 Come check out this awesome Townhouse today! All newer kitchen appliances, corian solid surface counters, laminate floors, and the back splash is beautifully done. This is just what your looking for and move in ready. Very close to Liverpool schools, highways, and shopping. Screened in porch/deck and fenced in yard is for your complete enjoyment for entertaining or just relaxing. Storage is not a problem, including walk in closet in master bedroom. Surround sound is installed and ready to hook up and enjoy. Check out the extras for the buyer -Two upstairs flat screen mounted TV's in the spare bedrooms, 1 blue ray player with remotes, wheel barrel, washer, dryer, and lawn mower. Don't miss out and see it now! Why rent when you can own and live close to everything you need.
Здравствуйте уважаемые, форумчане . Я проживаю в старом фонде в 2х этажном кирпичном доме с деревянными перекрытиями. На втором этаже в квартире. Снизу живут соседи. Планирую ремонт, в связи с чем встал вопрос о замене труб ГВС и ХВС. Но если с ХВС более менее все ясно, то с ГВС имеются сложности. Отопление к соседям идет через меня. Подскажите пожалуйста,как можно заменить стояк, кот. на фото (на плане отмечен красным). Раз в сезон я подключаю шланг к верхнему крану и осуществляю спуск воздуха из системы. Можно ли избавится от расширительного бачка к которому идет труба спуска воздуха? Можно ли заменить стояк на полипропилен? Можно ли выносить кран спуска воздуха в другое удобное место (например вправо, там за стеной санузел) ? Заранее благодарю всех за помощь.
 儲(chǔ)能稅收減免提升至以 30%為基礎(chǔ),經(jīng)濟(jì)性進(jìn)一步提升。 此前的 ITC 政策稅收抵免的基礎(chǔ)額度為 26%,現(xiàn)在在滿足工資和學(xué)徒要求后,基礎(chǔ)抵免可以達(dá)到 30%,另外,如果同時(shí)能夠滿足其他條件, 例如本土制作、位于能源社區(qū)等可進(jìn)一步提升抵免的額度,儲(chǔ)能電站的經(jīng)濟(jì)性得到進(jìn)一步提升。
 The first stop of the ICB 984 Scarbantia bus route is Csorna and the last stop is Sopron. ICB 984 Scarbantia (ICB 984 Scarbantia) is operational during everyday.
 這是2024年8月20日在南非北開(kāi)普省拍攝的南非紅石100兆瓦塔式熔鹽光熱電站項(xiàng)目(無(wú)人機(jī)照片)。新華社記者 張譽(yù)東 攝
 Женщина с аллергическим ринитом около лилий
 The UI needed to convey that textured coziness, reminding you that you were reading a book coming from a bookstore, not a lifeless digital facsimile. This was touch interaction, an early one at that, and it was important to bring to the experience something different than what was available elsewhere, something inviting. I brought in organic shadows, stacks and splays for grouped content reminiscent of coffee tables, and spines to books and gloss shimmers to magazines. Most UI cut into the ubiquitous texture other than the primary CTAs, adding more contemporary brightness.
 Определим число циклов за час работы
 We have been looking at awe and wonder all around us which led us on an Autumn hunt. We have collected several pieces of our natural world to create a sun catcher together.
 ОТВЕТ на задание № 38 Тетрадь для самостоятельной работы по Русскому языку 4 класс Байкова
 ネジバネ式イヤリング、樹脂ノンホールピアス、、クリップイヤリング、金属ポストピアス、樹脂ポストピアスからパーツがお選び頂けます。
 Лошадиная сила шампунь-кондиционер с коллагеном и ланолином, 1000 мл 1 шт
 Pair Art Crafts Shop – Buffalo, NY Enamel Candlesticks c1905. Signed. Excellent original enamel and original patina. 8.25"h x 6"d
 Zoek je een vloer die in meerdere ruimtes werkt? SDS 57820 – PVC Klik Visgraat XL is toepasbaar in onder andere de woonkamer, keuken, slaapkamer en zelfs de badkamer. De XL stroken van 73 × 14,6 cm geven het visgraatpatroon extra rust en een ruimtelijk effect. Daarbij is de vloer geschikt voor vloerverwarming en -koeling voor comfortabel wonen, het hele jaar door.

#### [What is required]
The answer must be every line from the records above that contains the word "работы", copied out.

#### [Exercise output]
 Определим число циклов за час работы
 ОТВЕТ на задание № 38 Тетрадь для самостоятельной работы по Русскому языку 4 класс Байкова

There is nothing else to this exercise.